As for why the argument is pretty good, it has to do with the relevant authority of the climatologist. I’ve written a note on the next page about this. You do not need to know about the note to get 175+, but you may find the information interesting nonetheless.
- This answer does show there will be more rain, since the stimulus says more precipitation falls as rain. But this doesn’t prove the conclusion. The problem with the argument is that we don’t know if rain will actually melt the snowpack. The argument just assumes it does. Merely adding more rain doesn’t help prove the point.
- CORRECT. The situation in this answer matches the stimulus exactly. So it strengthens the conclusion. The cause is leading to the effect in other mountain regions, so we can expect the same to be true in the Rockies.
- This could be true, but how does it strengthen the argument? The argument was talking about the entire Rocky Mountain region, and the effect global warming would have.
This answer talks about specific, milder regions within the Rockies. That doesn’t necessarily tell us what global warming will do.
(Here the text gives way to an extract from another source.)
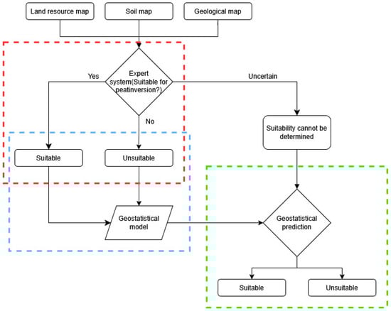 The objective of the present study was to develop a method for identifying cultivated peatland suitable for peat inversion in Norway. We used a simple, rule-based expert system [13,14], combining existing information about land resources, soil, and geology to assess the suitability for peat inversion in locations where this information was present. A geostatistical model [15,16] was successively added to predict suitability in areas where the data were insufficient to use the expert system approach (Figure 1).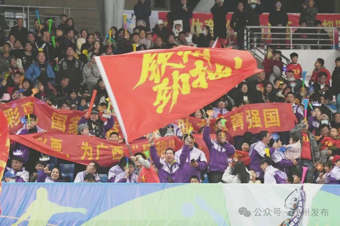 钦州市体育中心内灯火璀璨,2.5万名观众的呐喊声震彻全场。赵冠雄 摄

Those mild regions have had thousands of years to adapt, while global warming is happening very fast.
- This isn’t even talking about mountains. Irrelevant. Mountain regions could diverge completely from the average.
- The stimulus didn’t talk about larger snowpacks. Global warming makes snowpacks melt faster, but they may not be larger.
Note on Relevant Authority on the LSAT
The speaker is a “climatologist” instead of a “politician” or an “environmentalist”. The LSAT has previously used relevant expertise to allow an author to speak from authority. The issue isn’t strictly relevant to answering this question, but make sure you note who’s speaking on LR questions.
This is a strengthen question, which usually indicates a flawed argument. But given the authority of the speaker, this may actually be a good argument. The fact that the speaker is a climatologist certainly makes the argument more compelling than it otherwise would be. We can assume a climatologist has relevant expertise and is correct when they say that winter temperatures will rise in the rockies, and that more precipitation will fall as rain.
We can also believe the speaker when they say this means that the mountain snowpack will probably melt earlier, and cause flooding, etc. So why does this argument need strengthening at all? Because it says “probably”. Probably is a weak statement – it indicates the climatologist isn’t certain in their conclusion. Supporting evidence is always useful for a probabilistic conclusion, no matter the authority of the speaker.
A second anecdote to demonstrate that the identity of a speaker can be relevant: I once challenged question 25, section 3 of LSAT Preptest 64. I received a thorough reply, which included this quote “In the context of journalism, it is a reasonable application of the “principle of charity” in argument interpretation to presume that the information provided by the journalist constitutes a relatively complete picture of the relevant facts.” In other words, the fact that the speaker was a journalist had a small role to play in the question.
It’s possible to overthink these things. I got question 25, section 3 of LSAT Preptest 64 right, very fast. The answer was obvious. It was only when a student questioned me that I noticed a potential flaw. In 99.9% of cases you’ll never need to consider relevant expertise. But know that the speaker’s identity is explicitly part of LSAT questions.